Mal entendido envolvendo filmes de PVC termina com dúvidas no ar

Na seção "Ponto de Vista  deste número, Francisco de Assis Esmeraldo, presidente da Plastivida e do Instituto do PVC, narra a odisséia que foi desfazer um intrigante imbróglio que, apesar de chegar a aparente bom termo, chamuscou a imagem pública da cadeia do vinil (clique aqui para ler o artigo na íntegra). Em resumo, pesquisadores de um instituto subordinado à Fundação Oswaldo Cruz (Fiocruz), órgão do Ministério da Saúde, sumarizaram no site da entidade carioca os resultados de estudo sobre a adequação de filmes de PVC para proteção de alimentos, provenientes de amostragem de campo, às normas técnicas. Os autores apontaram a presença nos filmes de dois plastificantes expressamente citados como potencialmente cancerígenos. O que arranhou, por tabela, o conceito do PVC como material de toxicidade inócua e sem contra-indicações, provam usos que vão de bolsas de sangue a tubos de água potável.

Assis foi à luta e, como descreve no artigo, percorreu todos os meandros da Fiocruz e a redação do diário carioca "O Dia", que expeliu manchetes sobre o tema como a que bramia que embalagem alimentícia de PVC dava câncer, ignorando o também incorreto advérbio "potencialmente" do texto no site. Assis soltou uma batata quente nas mãos da Fiocruz: o estudo de um órgão da organização Mundial da Saúde (OMS), em circulação global há quatro anos, atestando de vez que os dois plastificantes em foco nada têm de cancerígenos (clique aqui para conhecer). Escorado nesse aval, Assis cobrou insistente o desmentido da fundação que, cerca de duas semanas depois, liberou retificação, num site da área de saúde pública (clique aqui para ler o desmentido no site da ANVISA e aqui para fazer o download da nota técnica da ANVISA/INCQS), do besteirol que deu origem a descabidos alarmismo e reservas quanto ao PVC manifestados pela opinião pública fluminense, cortesia da cobertura afoita de "O Dia". 

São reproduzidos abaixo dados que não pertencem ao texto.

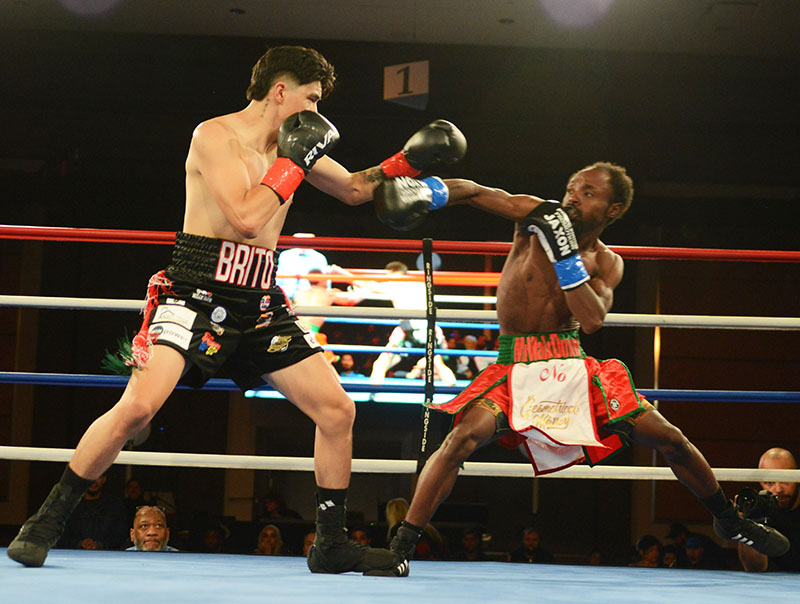 Brito used his left jab to get in close early in the first round. On one of those trips in close Brito landed a right body shot that staggered Adams and dropped him. The fight resumed and the two men stepped to the center of the ring and began to exchange punches, though Brito had the advantage in landing more hard shots. Brito landed a left to Adam’s body and followed that with a right to knock Adams across the ring. Adams’ left arm hung down as he winced in pain. The referee stepped toward Adams, asked if he wanted to continue, but Adams could not and the fight was waved to an end.
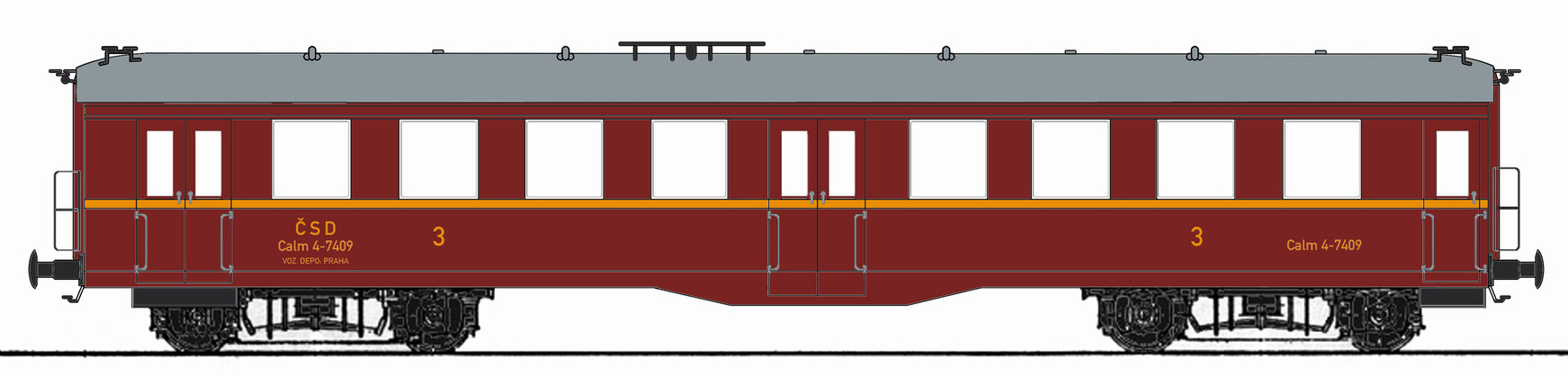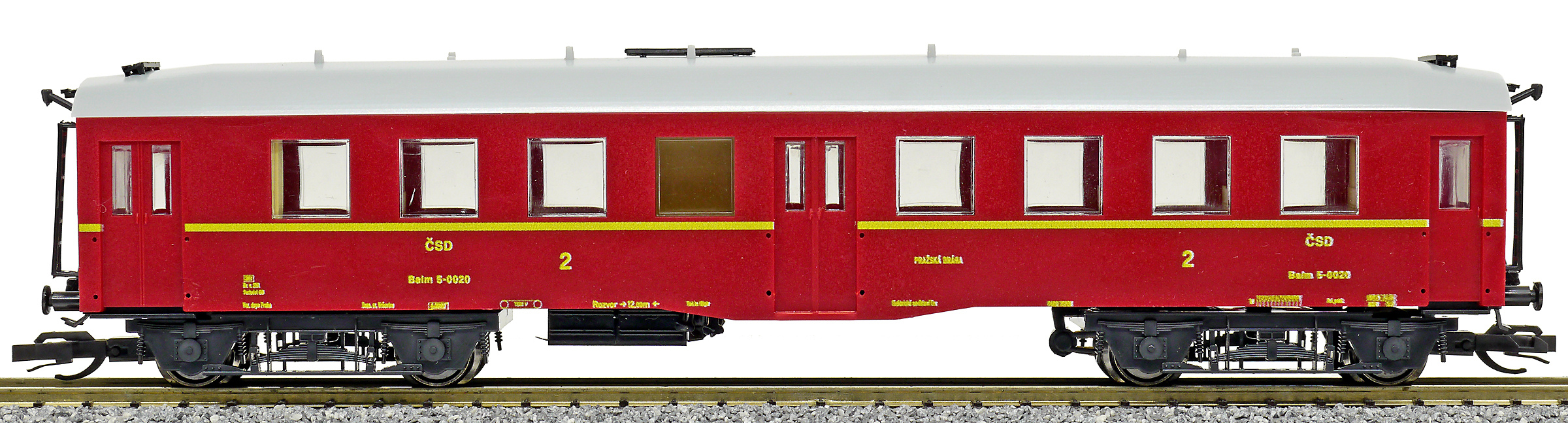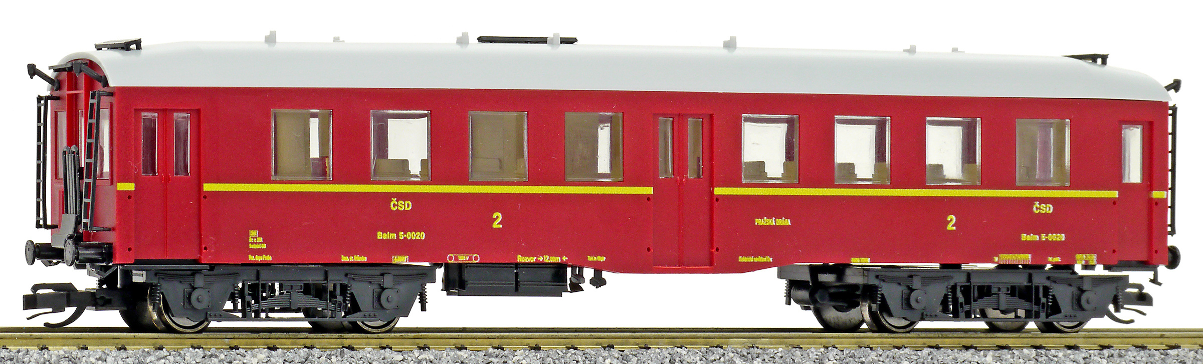 | osobní vůz červený s šedou střechou 2. tř. |

Assentada a poeira, a realidade mostra que a forma encontrada pela Fiocruz de admitir seu erro é matreiramente nula. Não dá para comparar o poder de divulgação de informações por um site pouco conhecido com o alcance da grande imprensa, não utilizada pela fundação para restabelecer a verdade. É uma discreção que faz sentido, do ângulo da credibilidade da instituição. PVC a colocou numa saia justa. De duas uma, se seus pesquisadores ignoravam o parecer da OMS sobre os plastificantes, isso demonstra um despreparo que macula a imagem da Fiocruz como centro de excelência científica. Se, mesmo cientes do estudo da OMS, eles insistiram na informação incorreta, isso demonstra que outros critérios abalaram a isenção de uma análise que deveria ser estritamente técnica. O que colocaria em dúvida qualquer pesquisa da entidade daqui por diante.

Tem mais: pouco depois de uma semana desse tíbio desmentido da Fiocruz, seus pesquisadores foram em 23 de junho a Brasília, para apresentar o mesmo trabalho a parlamentares. A diretoria do Instituto do PVC estava presente e confirma que, em momento algum, se fez qualquer associação entre os plastificantes e câncer. Ainda assim, a mesma editoria de "O Dia" a quem Assis explicara e repassara o parecer da OMS, soltou registro do evento no site do jornal, reafirmando que os dois plastificantes eram potencialmente cancerígenos. Errar uma vez é humano. Duas é burrice - ou intenção de agir de má fé.

Fonte: Plásticos em Revistas – Editorial, junho/2004 n• 492.